> **EXERCISE DETAILS**:
What's wanted is each entry repeated verbatim, minus its images.

(Data entries)
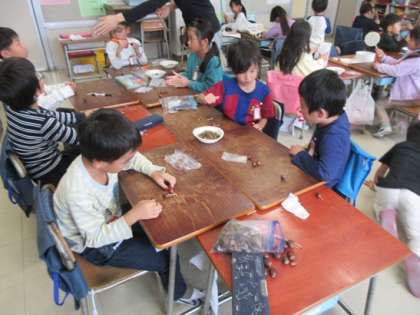 遠足で集めてきたどんぐりを使ったおもちゃの製作です。
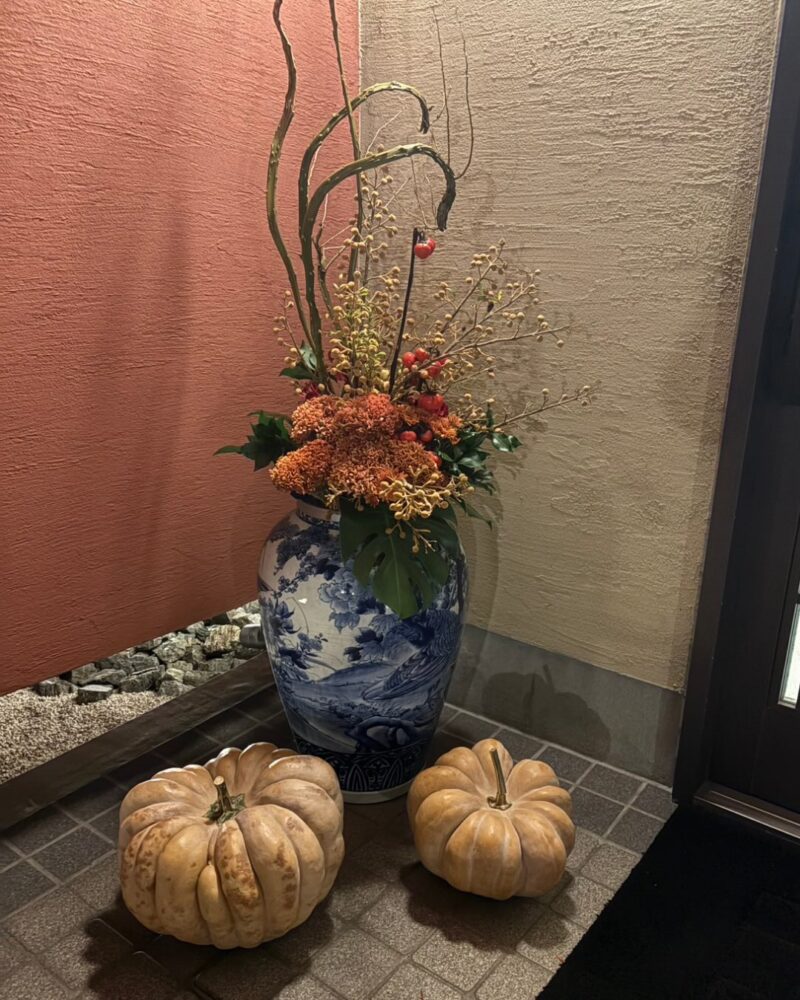秋を感じる花々や紅葉をあしらった花瓶を飾り、
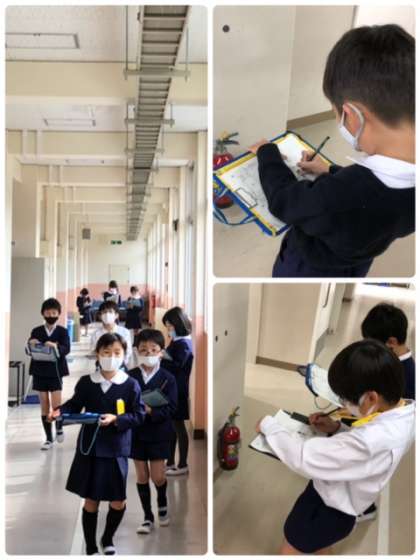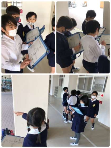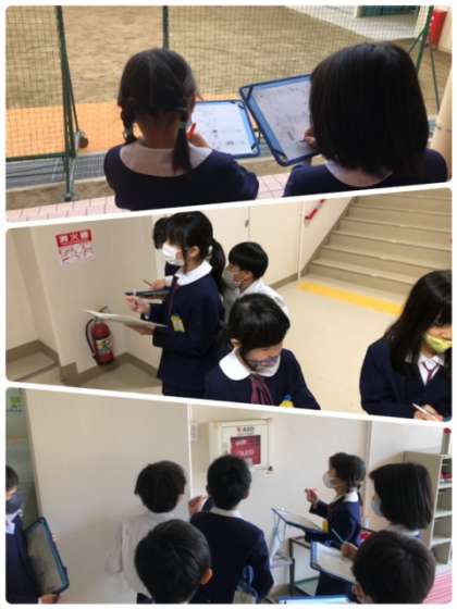 社会科の学習で、校内を周り消防設備などの場所を確認しました。「ここもある!」「こんなところにもある!」と楽しそうに学習していました。
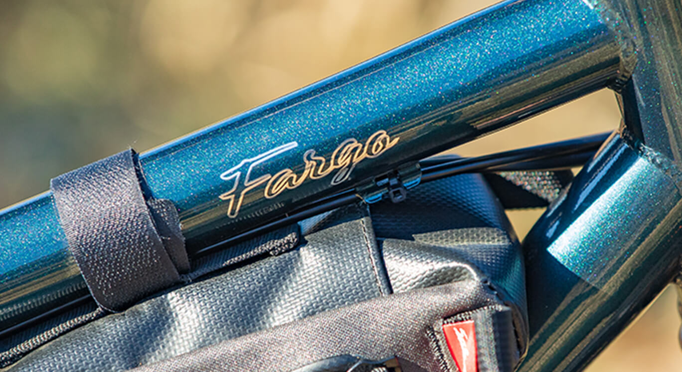 Fargo is our versatile steel or titanium bike with drop bars and mountain bike features. It’s designed for adventures ranging from rugged gravel rides to long, self-supported bikepacking trips.
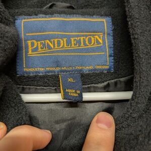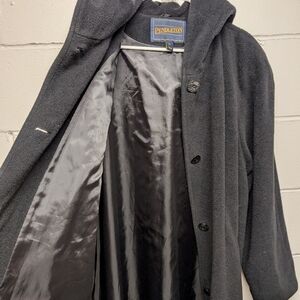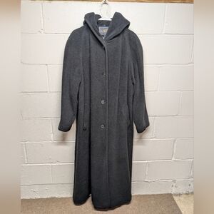 Pendleton Black Womens Long Hooded Winter Coat XL Virgin Wool Blend Button Front
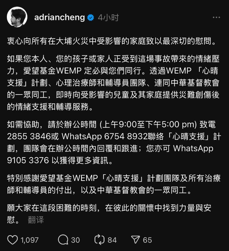 愛望基金創辦人鄭志剛表示,如果您本人、您的孩子或家人正受到這場事故帶來的情緒壓力,愛望基金定必與您們同行。透過愛望基金“心晴支援”計劃、心理治療師和輔導員團隊、連同中華基督教會的一眾同工,即時向受影響的兒童及其家庭提供災難創傷後的情緒支援和輔導服務。 如需協助,請於辦公時間(上午9:00至下午5:00) 致電2855 3846或WhatsApp 6754 8932聯络“心晴支援”計劃,團隊會在辦公時間內回覆和跟進,您亦可 WhatsApp9105 3376 以獲得更多資訊。 特別感謝“心晴支援”計劃團隊及所有治療師和輔導員的付出,以及中華基督教會的一眾同工。願大家在這段困難的時刻,在彼此的關懷中找到力量與安慰。(完) 【編輯:譚暢】
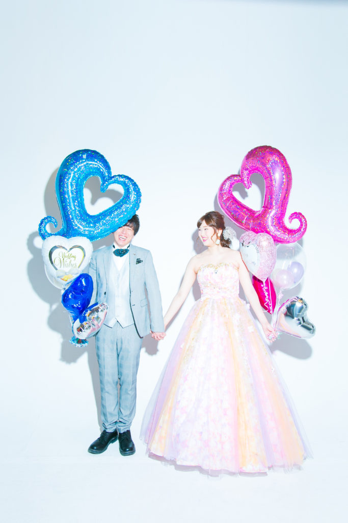 ドレスに映えるカラフルなバルーンを手にしたり、
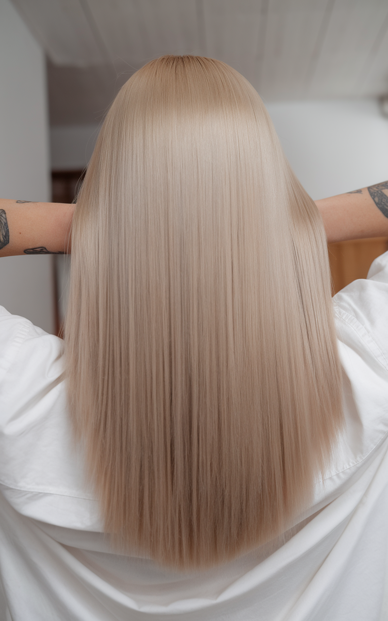#13 Icy Champagne Blonde with Sleek Precision Cut
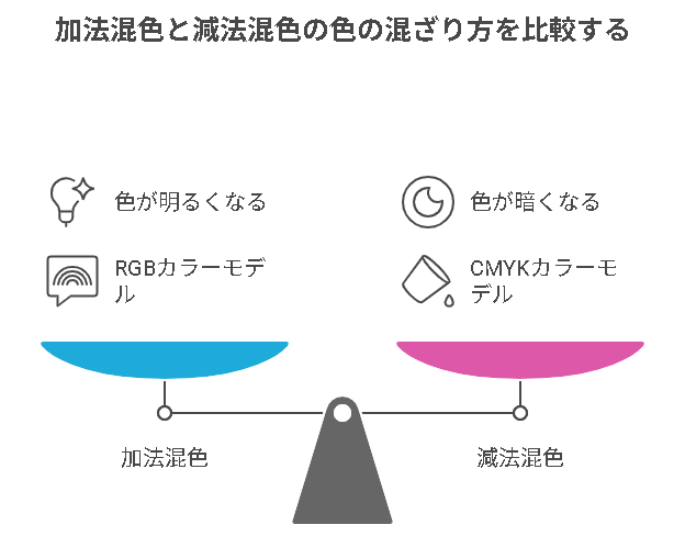 色の表現方法として「加法混色(RGB)」と「減法混色(CMYK)」があります。加法混色は光の三原色(赤・緑・青)を混ぜて白に近づけ、ディスプレイなどの発光デバイスで使われます。減法混色は色の三原色(シアン・マゼンタ・イエロー)を混ぜて黒に近づけ、印刷物で利用されます。
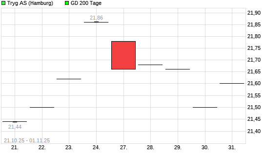 Mit dem Anstieg auf 21,50 EUR hat die Tryg A/S-Aktie am 31.10.2025 die 200-Tage-Linie nach oben gekreuzt.
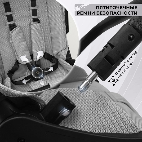 - Съемный поворотный бампер из экокожи с легким доступом к ребенку.

> **SOLUTION BELOW**:
 遠足で集めてきたどんぐりを使ったおもちゃの製作です。
秋を感じる花々や紅葉をあしらった花瓶を飾り、
 社会科の学習で、校内を周り消防設備などの場所を確認しました。「ここもある!」「こんなところにもある!」と楽しそうに学習していました。
 Fargo is our versatile steel or titanium bike with drop bars and mountain bike features. It’s designed for adventures ranging from rugged gravel rides to long, self-supported bikepacking trips.
 Pendleton Black Womens Long Hooded Winter Coat XL Virgin Wool Blend Button Front
 愛望基金創辦人鄭志剛表示,如果您本人、您的孩子或家人正受到這場事故帶來的情緒壓力,愛望基金定必與您們同行。透過愛望基金“心晴支援”計劃、心理治療師和輔導員團隊、連同中華基督教會的一眾同工,即時向受影響的兒童及其家庭提供災難創傷後的情緒支援和輔導服務。 如需協助,請於辦公時間(上午9:00至下午5:00) 致電2855 3846或WhatsApp 6754 8932聯络“心晴支援”計劃,團隊會在辦公時間內回覆和跟進,您亦可 WhatsApp9105 3376 以獲得更多資訊。 特別感謝“心晴支援”計劃團隊及所有治療師和輔導員的付出,以及中華基督教會的一眾同工。願大家在這段困難的時刻,在彼此的關懷中找到力量與安慰。(完) 【編輯:譚暢】
 ドレスに映えるカラフルなバルーンを手にしたり、
#13 Icy Champagne Blonde with Sleek Precision Cut
 色の表現方法として「加法混色(RGB)」と「減法混色(CMYK)」があります。加法混色は光の三原色(赤・緑・青)を混ぜて白に近づけ、ディスプレイなどの発光デバイスで使われます。減法混色は色の三原色(シアン・マゼンタ・イエロー)を混ぜて黒に近づけ、印刷物で利用されます。
 Mit dem Anstieg auf 21,50 EUR hat die Tryg A/S-Aktie am 31.10.2025 die 200-Tage-Linie nach oben gekreuzt.
 - Съемный поворотный бампер из экокожи с легким доступом к ребенку.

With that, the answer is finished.